The test came as the United States and its global rivals ramped up their pace to build hypersonic weapons – the next generation of weapons that rob adversaries of reaction time and traditional defeat mechanisms.
In July, Russia said it had successfully tested a Tsirkon (Zircon) hypersonic cruise missile, a weapon President Vladimir Putin touted as part of a new generation of missile systems unrivaled in the world. Read more
The hypersonic breathing weapon concept (HAWC) free flight test took place last week, the Defense Advanced Research Projects Agency, or DARPA, said in a statement.

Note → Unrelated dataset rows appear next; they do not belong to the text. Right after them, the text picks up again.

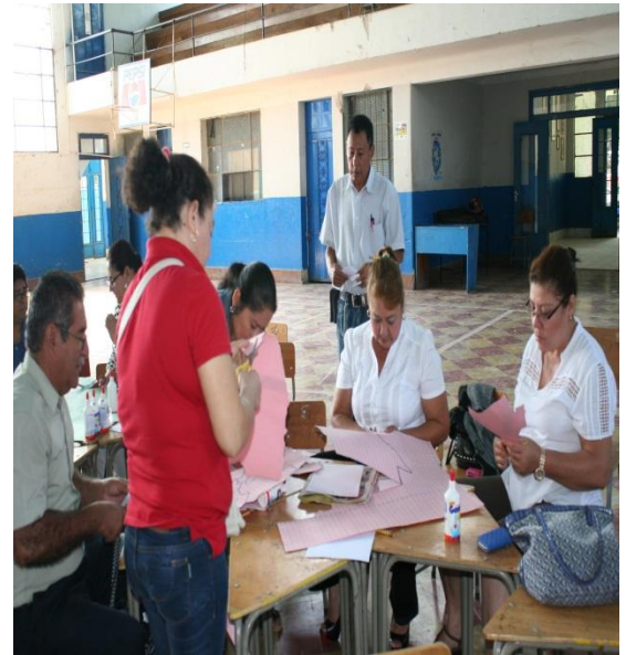
Trabajo en grupo.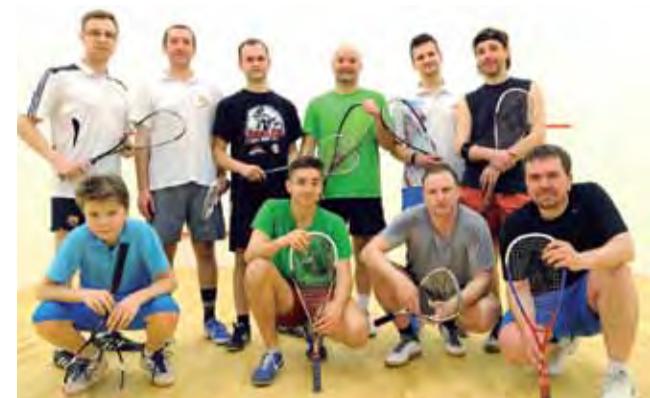
Uczestnicy 3. turnieju na korcie przy Łyszkowickiej.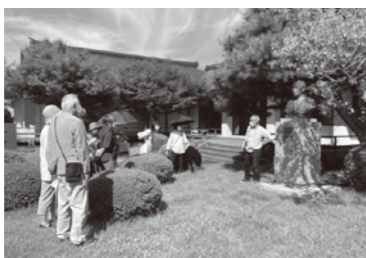
▲松山藩の要職にあり、戊辰の役で活躍した松森胤保は、学問的にも優れた人で、『日本のレオナルド・ダ・ヴィンチ』と称されている(松山観光ボランティアガイドによる案内)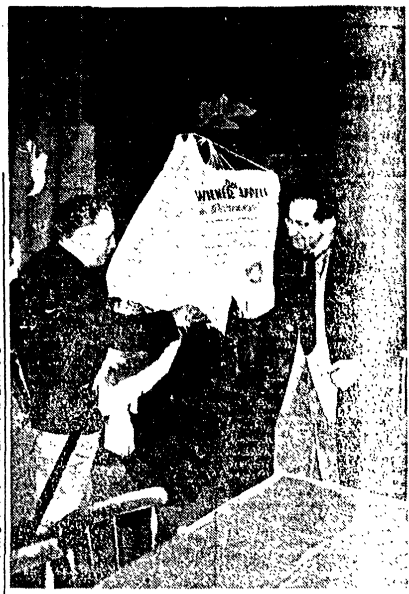
VIENNA - La raccolta delle firme contro la strage atomica nella capitale austriaca dove l'Appello è stato lanciato: l'aspetto di una manifestazione alla fabbrica Reberger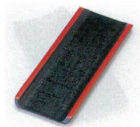
7-890-13 1-764-17 M布目おしぼり入れ 黒天朱 ¥730 (17.8×7.2×1.3) 横200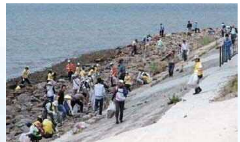
藤前干潟クリーンアップ大作戦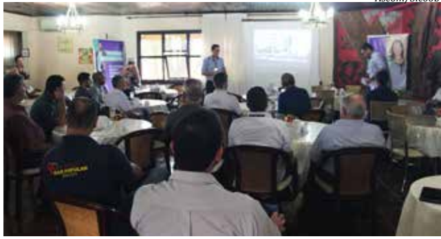
Agência reuniu associados segunda-feira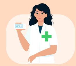
Pharmaciens Officine et Pharmacie à Usage Intérieur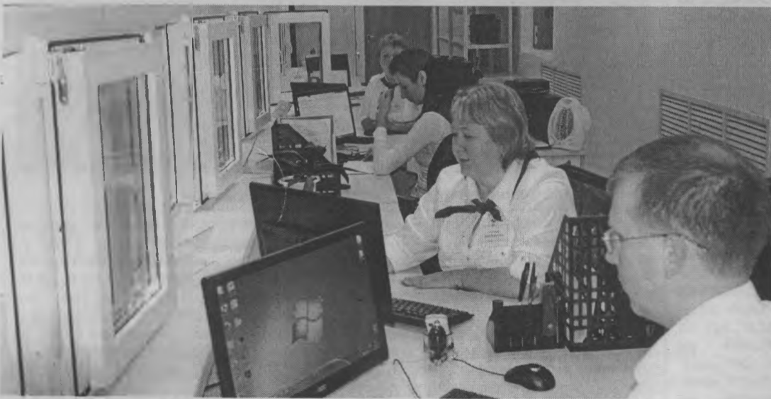
◆ Специалисты МФЦ готовы к работе.

Давайте уточним: какие услуги может оказать МФЦ уже сегодня? И какова их цена?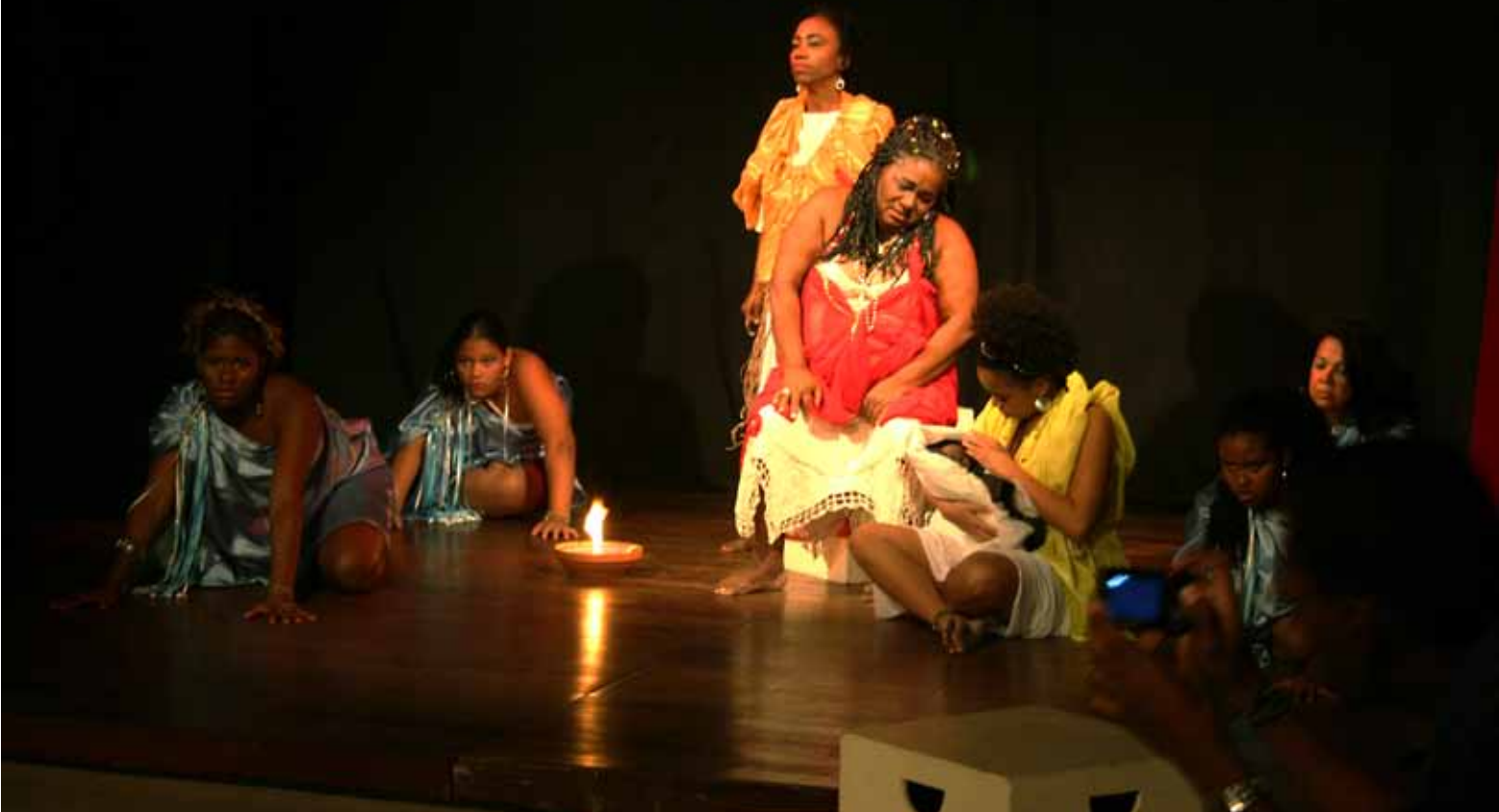
O teatro apresenta peças de grupos amador e profissional.

bancárias de Salvador de um de seus mais famosos e emblemáticos poemas, Aviso da Lua que Menstrua, e foi um sucesso, “os bancários aplaudiram muito e daí, render uma homenagem a uma mulher especial numa antologia foi um pulo. Ter a presença dessa atriz, negra, e poeta consagrou uma ação que já vinha sendo realizada pelo Sindicato”, destaca a diretora.

Hypersonic weapons travel through the upper atmosphere at speeds more than five times the speed of sound, or about 6,200 kilometers (3,853 miles) per hour.
“The missile, built by Raytheon Technologies (RTX.N), was dropped from an aircraft seconds before its Northrop Grumman (NOC.N) scramjet (supersonic combustion stele-engine) engine started,” DARPA said.
“The DoD (Department of Defense) has identified hypersonic weapons and counter-hypersonic capabilities as the highest technical priorities for the security of our country,” said Wes Kremer, president of the Missiles and Defense business unit at Raytheon.
“The United States and our allies must have the ability to deter the use of these weapons and the ability to defeat them,” he said.
In 2019, Raytheon partnered with Northrop Grumman to develop and produce motors for hypersonic weapons. Northrop’s scramjet engine technology uses the vehicle’s high speed to forcibly compress incoming air before combustion to enable sustained flight at hypersonic speeds.
“The HAWC vehicle performs best in an oxygen-rich atmosphere, where speed and maneuverability make it difficult to detect in a timely manner. It could strike targets much faster than subsonic missiles and has significant kinetic energy even without high explosives. “DARPA said in The Release.